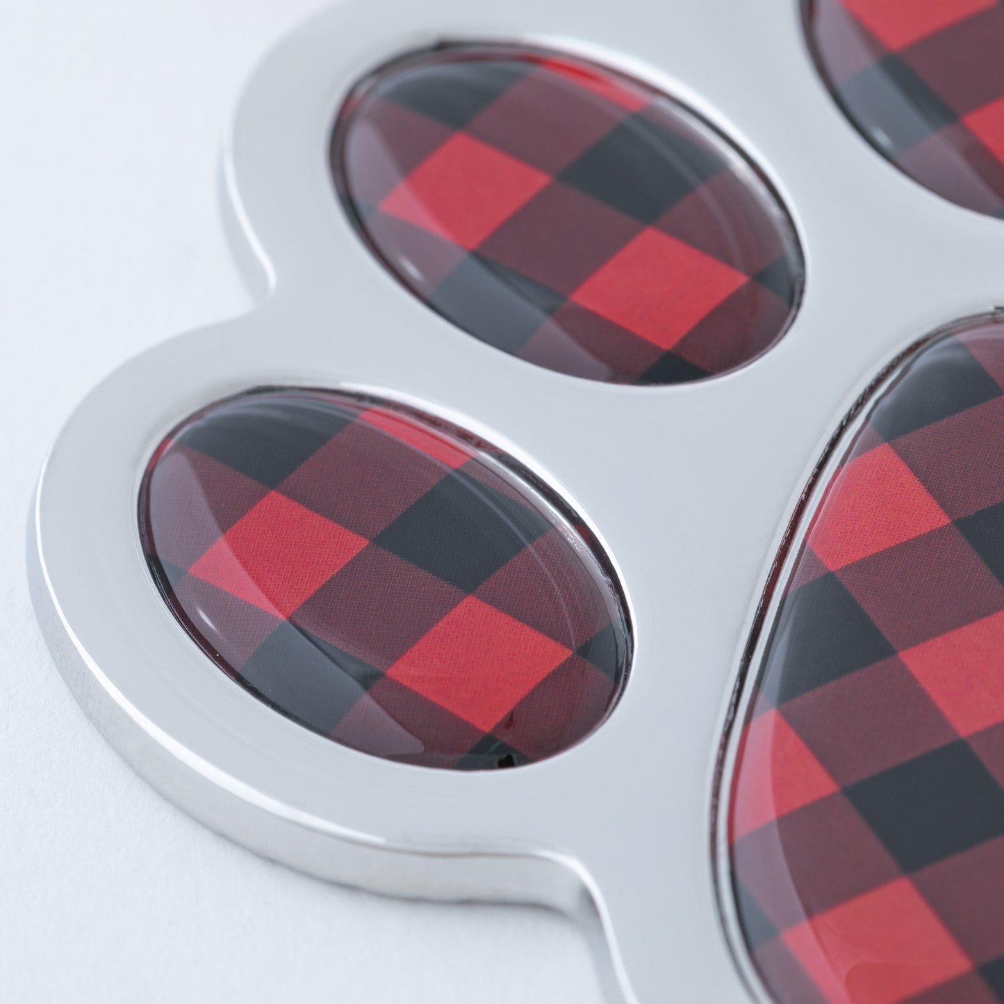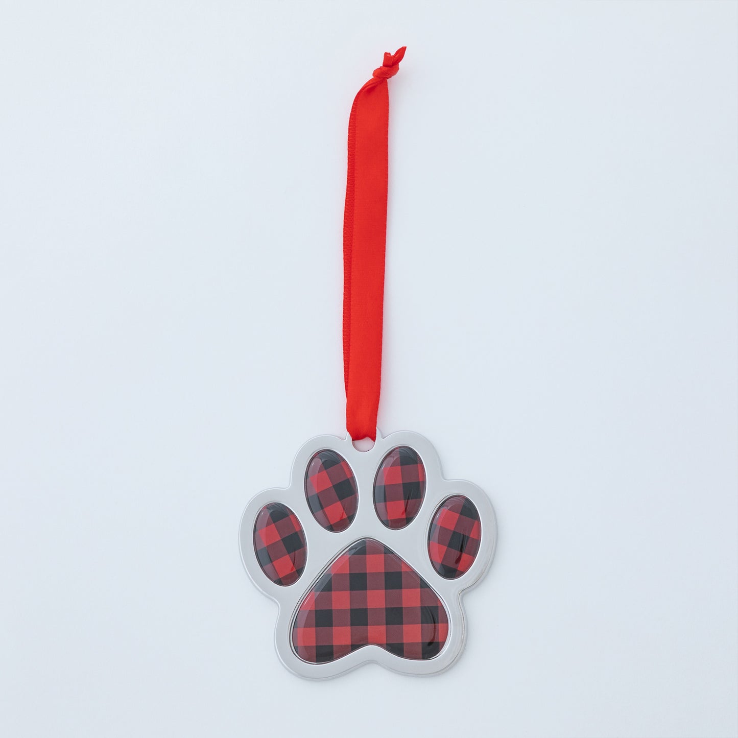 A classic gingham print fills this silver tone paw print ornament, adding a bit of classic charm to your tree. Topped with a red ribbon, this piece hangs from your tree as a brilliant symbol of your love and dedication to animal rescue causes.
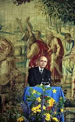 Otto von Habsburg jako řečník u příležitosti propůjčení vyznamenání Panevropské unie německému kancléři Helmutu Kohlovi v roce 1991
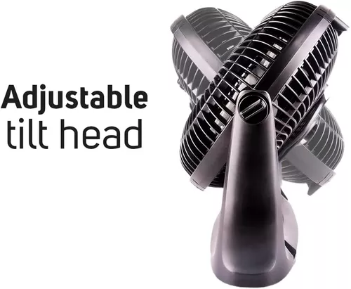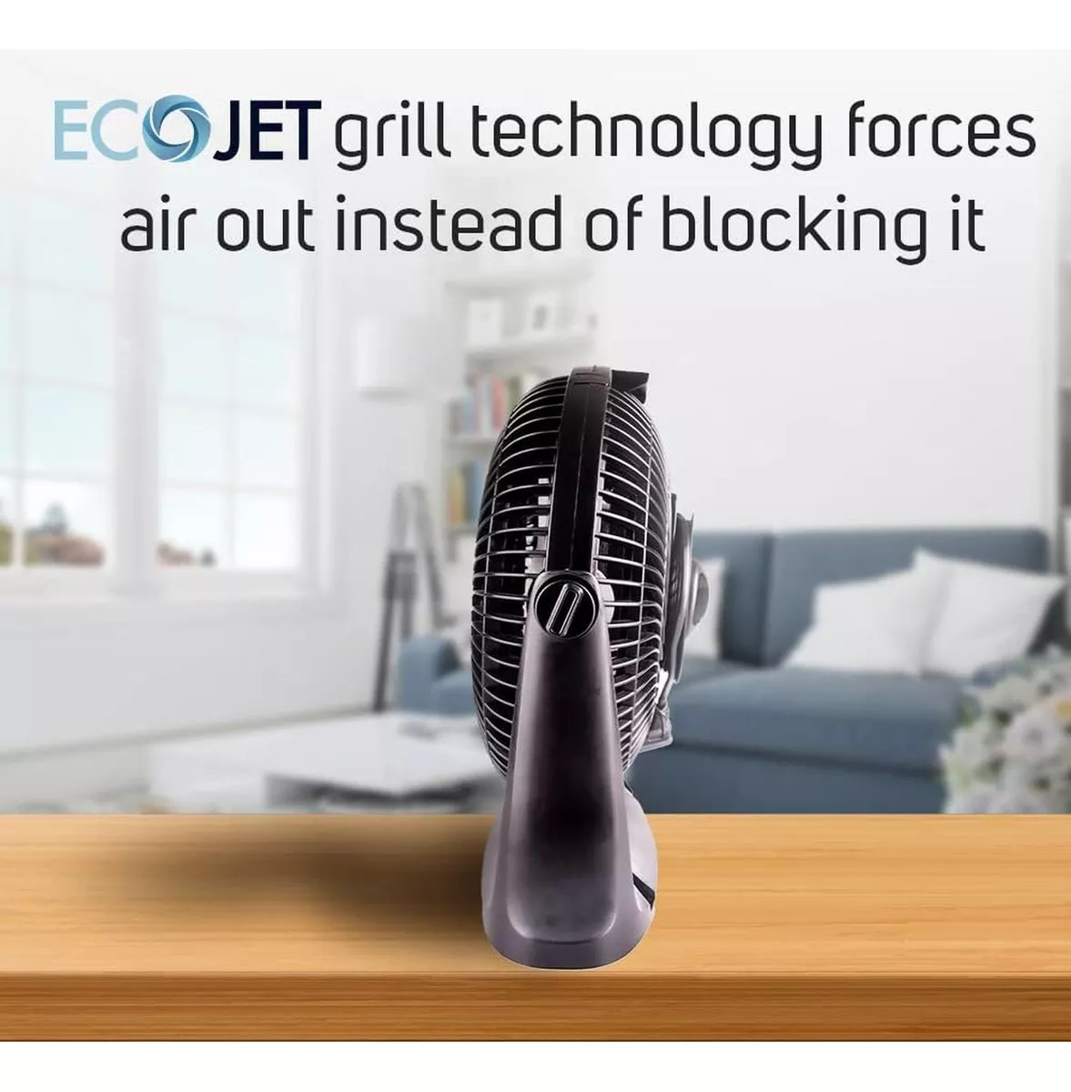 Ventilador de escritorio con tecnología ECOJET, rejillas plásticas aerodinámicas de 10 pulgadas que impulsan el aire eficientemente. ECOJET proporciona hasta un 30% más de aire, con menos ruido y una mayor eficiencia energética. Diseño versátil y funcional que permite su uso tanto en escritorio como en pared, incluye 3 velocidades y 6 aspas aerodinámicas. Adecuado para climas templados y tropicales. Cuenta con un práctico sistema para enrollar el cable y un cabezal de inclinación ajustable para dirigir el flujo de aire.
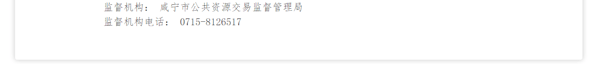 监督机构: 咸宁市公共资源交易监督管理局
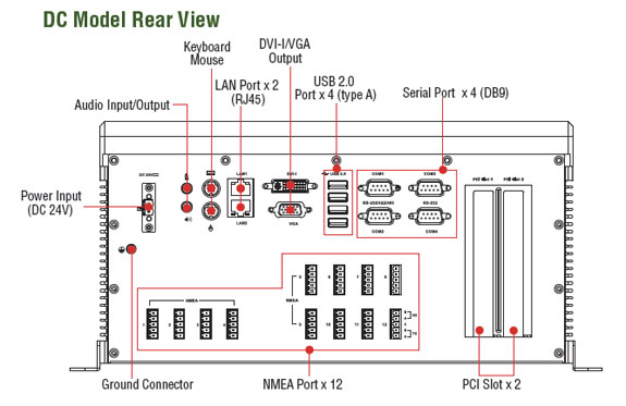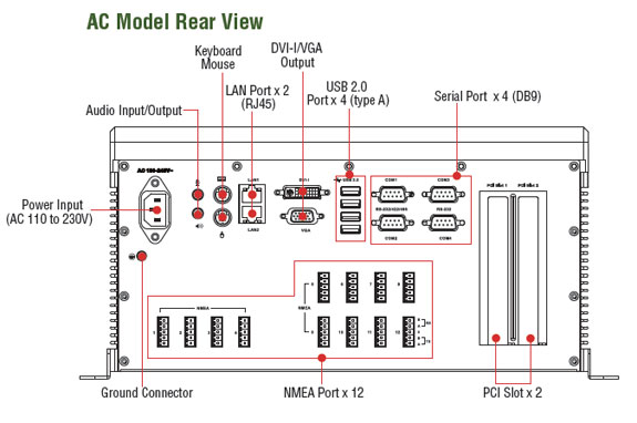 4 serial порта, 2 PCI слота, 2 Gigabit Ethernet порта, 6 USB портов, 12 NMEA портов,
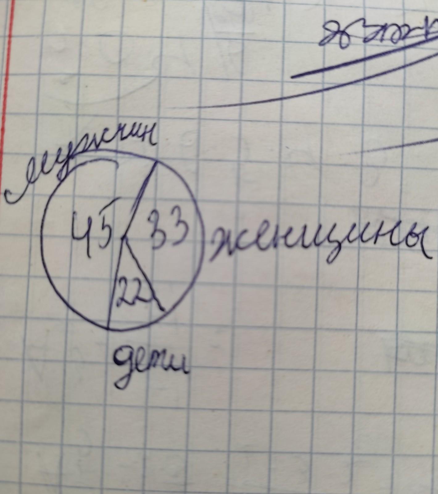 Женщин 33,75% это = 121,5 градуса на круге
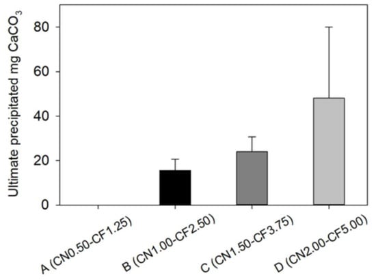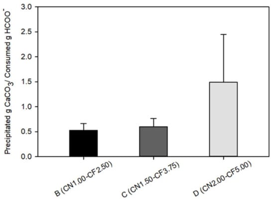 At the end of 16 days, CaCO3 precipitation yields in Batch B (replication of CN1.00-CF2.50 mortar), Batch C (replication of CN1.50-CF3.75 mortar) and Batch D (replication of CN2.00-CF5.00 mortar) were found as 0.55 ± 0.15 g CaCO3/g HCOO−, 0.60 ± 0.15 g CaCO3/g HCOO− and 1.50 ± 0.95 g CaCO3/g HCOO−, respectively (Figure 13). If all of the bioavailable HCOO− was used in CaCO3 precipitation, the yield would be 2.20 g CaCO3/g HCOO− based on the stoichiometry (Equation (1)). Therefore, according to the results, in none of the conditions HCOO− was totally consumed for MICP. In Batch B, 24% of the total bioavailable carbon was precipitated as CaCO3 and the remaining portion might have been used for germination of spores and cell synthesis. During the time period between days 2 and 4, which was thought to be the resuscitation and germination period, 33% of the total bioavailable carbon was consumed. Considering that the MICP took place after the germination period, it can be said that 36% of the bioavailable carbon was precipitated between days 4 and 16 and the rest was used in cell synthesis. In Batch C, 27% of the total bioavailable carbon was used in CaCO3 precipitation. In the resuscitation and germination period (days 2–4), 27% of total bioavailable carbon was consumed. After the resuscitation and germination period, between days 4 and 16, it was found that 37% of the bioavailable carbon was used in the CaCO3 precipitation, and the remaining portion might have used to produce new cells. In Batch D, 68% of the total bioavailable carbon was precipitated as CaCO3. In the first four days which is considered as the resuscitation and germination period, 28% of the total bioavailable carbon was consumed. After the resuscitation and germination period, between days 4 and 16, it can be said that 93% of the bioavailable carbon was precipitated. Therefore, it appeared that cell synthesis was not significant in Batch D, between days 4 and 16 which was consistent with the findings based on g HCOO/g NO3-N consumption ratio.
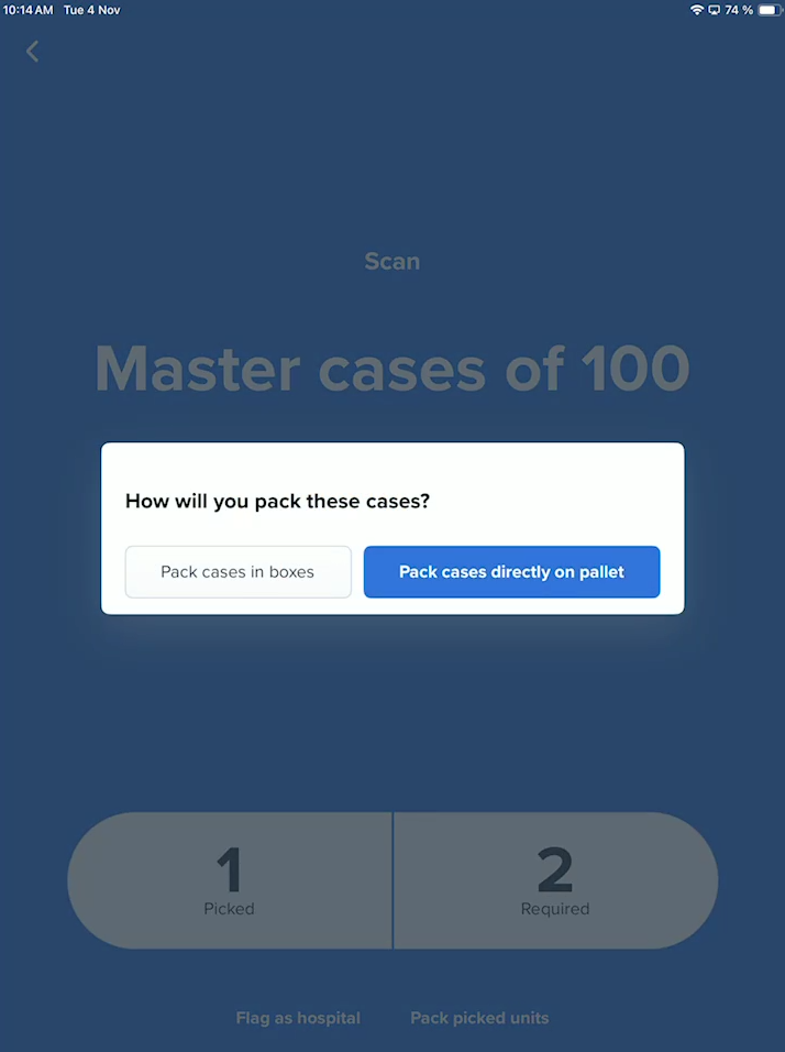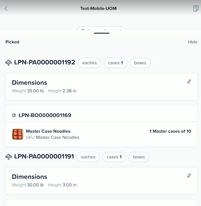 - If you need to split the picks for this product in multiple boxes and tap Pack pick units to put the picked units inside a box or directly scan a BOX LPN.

_What to produce:_ Within the material above, only the stretch from the line holding "监督机构: 咸宁市公共资源交易监督管理局" through the line holding "Женщин 33,75% это = 121,5 градуса на круге" is to be restated exactly. Pictures are dropped.

_Task answer:_
 监督机构: 咸宁市公共资源交易监督管理局
 4 serial порта, 2 PCI слота, 2 Gigabit Ethernet порта, 6 USB портов, 12 NMEA портов,
 Женщин 33,75% это = 121,5 градуса на круге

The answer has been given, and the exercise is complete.